Sentence Coupling Analysis and Sentence Generation - SCASG
- This is a service for analyzing and generating NLP training sentences based on
TF-IDF
,WordNet
, andspaCy
. - The details are published in 2023 International Computer Symposium (ICS) and accessible here.
- Best Student Paper
Simply execute the command:
python app.py
And you can use SCASG
in conjunction with BOTEN
- This research suggests that developers pay attention to the coupling between training sentences, reducing the similarity of sentences belong different Intents, to avoid recognition errors.

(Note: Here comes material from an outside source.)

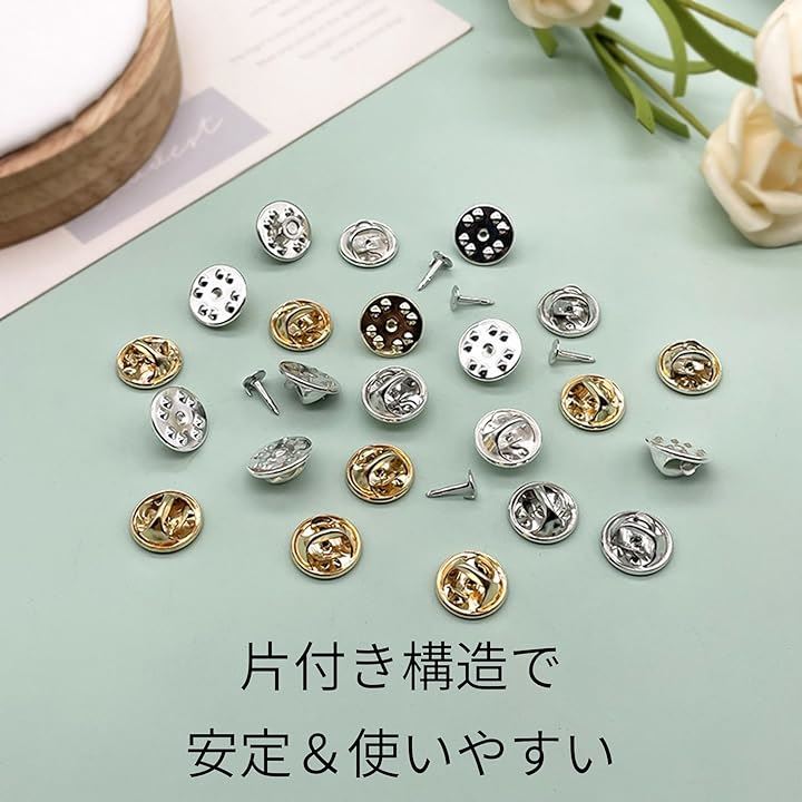 ピンバッジ 留め具 社章 ピンバッチ 直径11mm バタフライ型クラッチ 100個セット

- If the meaning of the sentences under the same intent is too similar, the trained NLP model may only be able to judge the sentence input of a single pattern, resulting in
overfitting
. - In order to avoid the
overfitting
of the model, developers should try to write a variety of training sentence patterns, so this research did not list Cohesion improvement as a research target. - In our research, we will use
TF-IDF
,WordNet
andspaCy
to calculate the similarity between training sentences, and raise warnings for the sentences with similar meanings between different Intents, and suggest developers modify them.
- Convert all text to lowercase.
- Lemmatize the words to original.
- Remove
stop words
. - Use
TF-IDF
to calculate the weight of all words in individual sentences, and build a Corpus Index. - Represent the constituent words of each training sentence with a weight value, and the sentence can be converted into a one-dimensional vector.
- Calculate the Cosine Similarity between the sentence vectors to get the similarity value of the two sentences.
This method may cause two sentences with similar meanings, but the Cosine Similarity is still low because the same words do not appear. Therefore, we propose two improved methods:
- Use
WordNet
to look up the synonyms of the words used in the training sentences, and usespaCy
to calculate the similarity between the synonyms and the original word. - The weight value of the original word is multiplied by the similarity between the synonym and the original word as the weight value of the synonym in the corpus index.
- We regard these synonyms as the words of the sentences to which the original words belong, and the similarity between all training sentences is recalculated.
SpaCy
is also used to calculate the similarity between sentences. Since the Corpus of the two calculation methods are different, two different similarity values between the two sentences are obtained, and then these two values are weighted with a specific ratio as the weighted similarity between the two sentences.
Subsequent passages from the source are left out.